Training Priors Predict Text-To-Image Model Performance

Since the publication of this article in 2023, various reinforcement learning methods that provide direct feedback towards this type of problem have apparently helped diffusion models (and similar architectures) better generalize. I still expect the same underlying issues to persist within the models, perhaps in more muted and non-obvious ways. It does not seem we have found a systematic fix for this type of issue.

Text-to-image models can generate "astronaut riding a horse" but struggle with "horse riding an astronaut." Why? We tested whether this reflects training priors—the frequency of subject–verb–object (SVO) patterns in the model's training data—using Stable Diffusion 2.1.

The core finding: the more often an SVO triad appears in training data, the better the model generates an aligned image—and the worse it handles the flipped ordering. This suggests a "mix-and-match" mechanism rather than true compositional generalization. The model stitches together familiar patterns rather than reasoning about abstract relations.

Individual term frequencies matter too. How often a word appears as an agent versus a patient in training has a significant effect on generation quality.
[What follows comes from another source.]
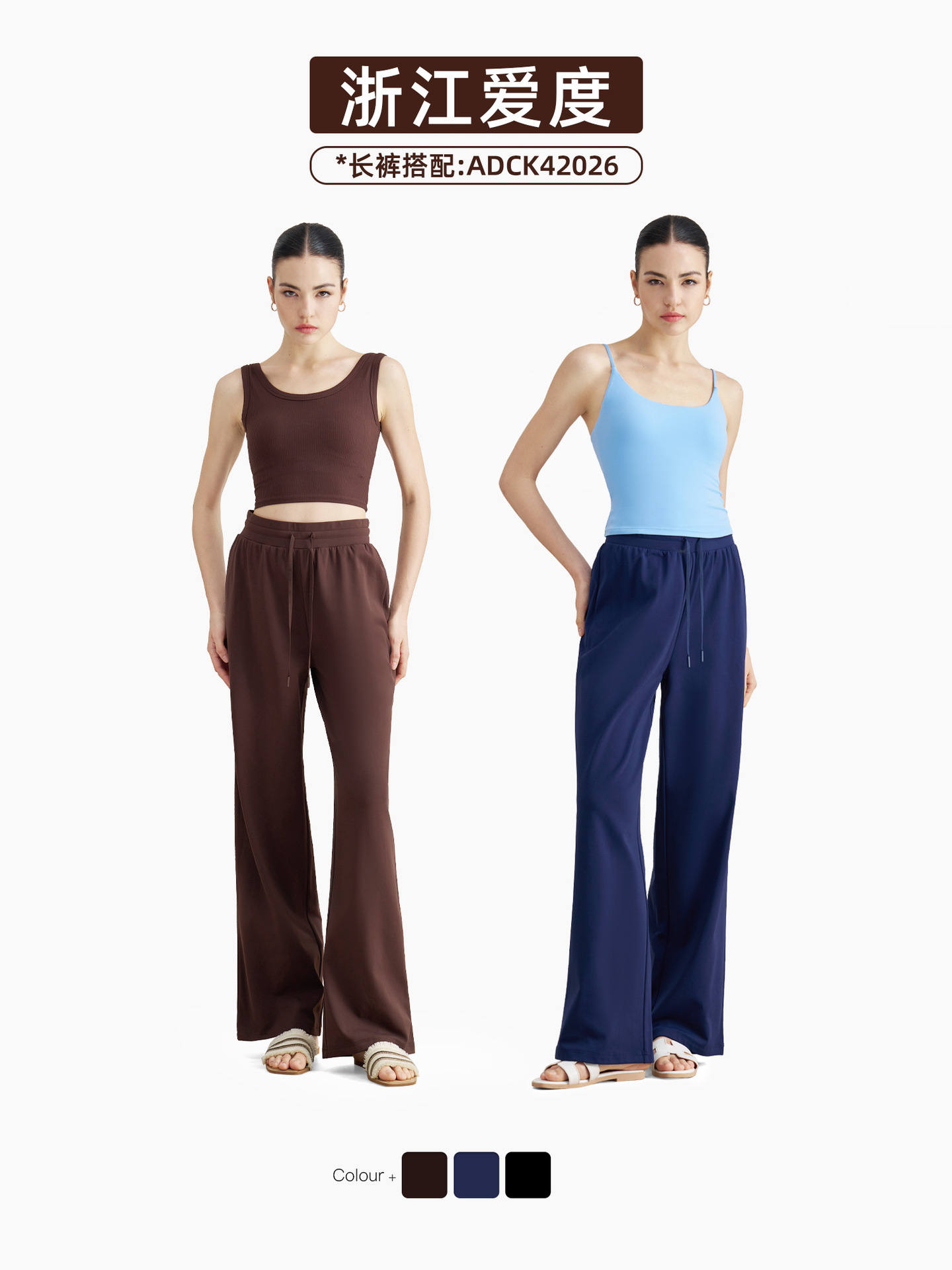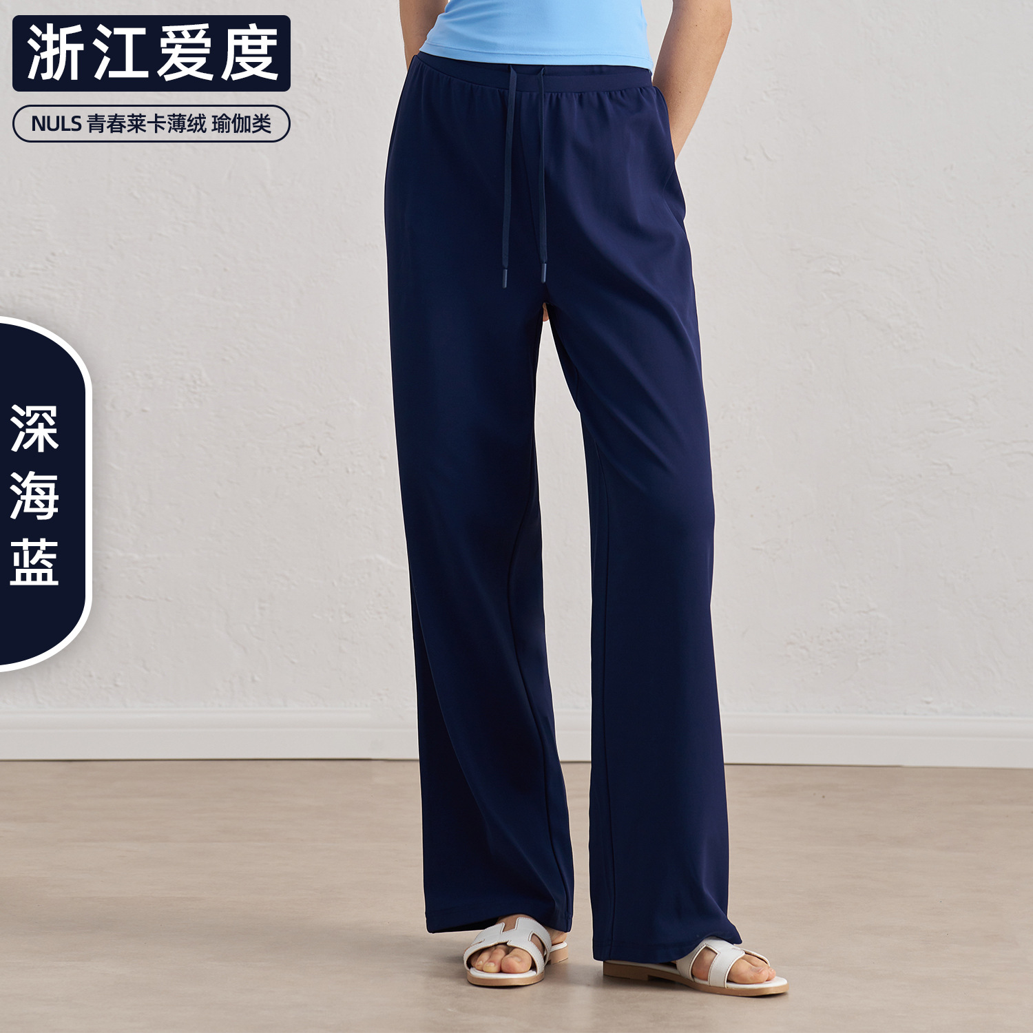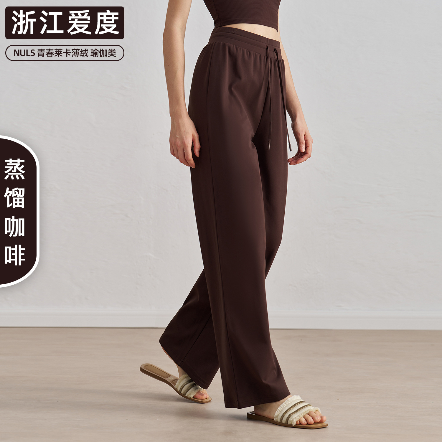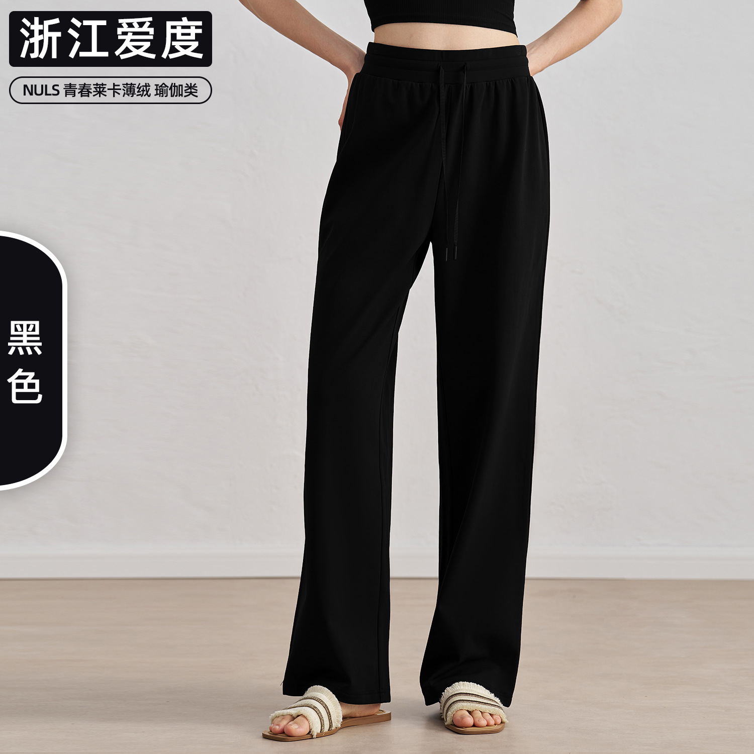 爱度秋冬薄绒裸感运动裤加厚阔腿直筒瑜伽长裤显瘦百搭保暖休闲裤

A "ball" is common as an object (patient) but rarely as a subject (agent)—so "ball chasing a dog" fails not just because the triad is rare, but because "ball" as agent is itself unusual.

Dog chasing a ball — *Left:* The common triad yields a correct image. *Right:* The flipped prompt produces two dogs—the model cannot depict "ball" as an agent.

Ball chasing a dog — *Left:* The common triad yields a correct image. *Right:* The flipped prompt produces two dogs—the model cannot depict "ball" as an agent.

Experimental design#

Each prompt encodes a triad ⟨subject, verb, object⟩. For a given triad, the more frequent ordering is the default and the reverse is flipped. We estimate SVO counts from LAION captions and regress alignment ratings against these counts.

Term	Definition
SVO	Estimated count of the relation ⟨s, v, o⟩
OVS	Estimated count of the flipped relation ⟨o, v, s⟩
Sxx, xVx, xxO	Frequency of each term in its given role
Oxx, xxS	Frequency of each term in the opposite role

All counts are log-transformed: log₁₀(count + 1). We fit a linear model: Alignment ~ SVO + OVS + Sxx + xVx + xxO + Oxx + xxS, with N=5 crowdsourced ratings per image, disaggregated. Alignment is measured on a 5-point Likert scale normalized to [0, 1]. "Success" is defined as alignment ≥ 0.75.

Our hypotheses: Forward—increased SVO frequency improves alignment. Backward—increased OVS frequency hurts alignment (the model defaults to the more common ordering).

Dataset#

We use Stable Diffusion 2.1 trained on LAION (aesthetic score ≥ 4.5, ~1.37B image–text pairs). SpaCy parses ~10% of captions (~134M sentences) to extract ~50M unique SVO triads. We curate ~769 triads with counts, generated images, and crowdsourced alignment ratings. Each prompt follows the template: “A photograph of a {subject} {verb} a {object}.” Ratings are collected via SurgeAI with 5 annotators per image.

Partition	N	Mean	Median
SVO Isolated	755	0.56	0.75
OVS Isolated	835	0.44	0.25
Default	1635	0.50	0.50
Flipped	1635	0.46	0.25

Forward: increased SVO increases alignment#

When OVS = 0 (isolated SVO triads), we see a strong positive effect: each order-of-magnitude increase in SVO count yields +0.31 alignment. After SVO > 10², 18 of 26 prompts succeed (alignment ≥ 0.75). The correlation is 0.421 (p < 10⁻⁷).

Term	Effect	p
SVO	+0.31	0.00
xVx	+0.12	0.01
Oxx	−0.18	0.00
xxS	−0.23	0.00

SVO frequency (log-scaled) versus alignment for isolated SVO triads (OVS = 0). The dashed trend line shows the positive relationship. At low frequencies, outcomes are scattered; above 10², most prompts succeed.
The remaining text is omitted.